Any bookish person knows the struggle. For any one book you read, whether you love it or hate it, you end up with about five new titles that sound interesting—maybe the author was so great you want to read the rest of their backlist. Maybe all the reviewers who disliked the book recommended other books that are better. Maybe the author is a friend of yours and you feel immense guilt if you don’t support their career. Any way you look at it, there are always more books that sound intriguing. And no matter how many hours you have in a day, you can’t read them all.

I know this for a fact because I once had everyone’s dream job—get paid to do nothing but read as much as possible—and it was neither a dream come true nor substantially TBR-decimating.

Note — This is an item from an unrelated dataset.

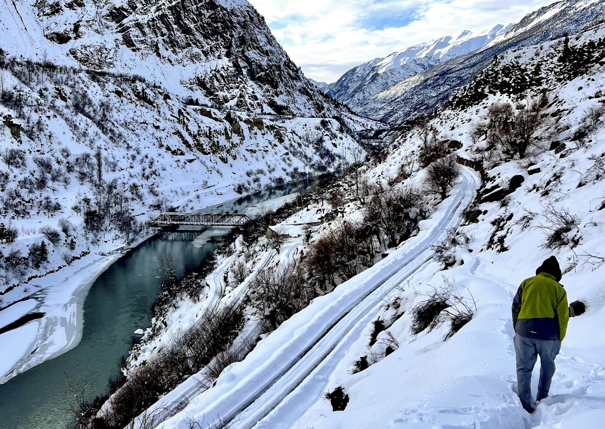 Lahaul and Spiti: A man walks through snow near Rashel village after fresh snowfall, in Lahaul and Spiti district, Himachal Pradesh, Friday, Jan. 30, 2026. (PTI Photo) (PTI01_30_2026_000388B)

There is something wonderful about scrolling through my insurmountable TBR list, though: seeing the autobiography that emerges as I work through it chronologically. That list is an amazing archaeological record: as I work my way back, I can see where I once read a “Top 100 Books About [X]” list and added a bunch of titles; where I had been studying a topic for school and wanted to dive in deeper; when I was going through a struggle with something and wanted all the resources I could find on the subject; when I read a book that was so meta I wanted to read everything it had referenced; when I traveled abroad and wanted to read this or that country’s greatest writers; when I wanted to learn a new skill. I don’t keep a journal with regularity anymore, but that ever-growing list on Goodreads tells me a whole lot about myself and my development from high school senior (when I joined Goodreads) to almost-a-PhD, more than a decade later.

My physical collection of nearly 1,000 physical books and who-knows-how-many ebooks is probably evenly split between ones I’ve read and ones I’ve yet to read, and even that’s not as revealing as my Goodreads list. That home library is not arranged chronologically or split between read and not-read. Aside from ARCs with publication dates on the spines, which say a little about my work as a book reviewer, award committee juror, conference attendee, and authenticity reader, I can’t point as easily to when, where, or why I acquired those books. Goodreads can tell me when I added to my TBR with just a few clicks. (I have a number of friends who do organize their physical collections by separating read and unread books, so I imagine they can find similar autobiographical information in that spread. As for me, that type of shelving is not compatible with my anxiety disorder.)

While there will always be a twinge of guilt when I look at the ever-growing number of titles and realize I will never be able to do them all the courtesy of reading them, I’m actually really proud of what my to-read list says about me and what I value in life—not just books, but a wide array of subjects, types of people, parts of the world, and perspectives.

I hope someday my biographers agree.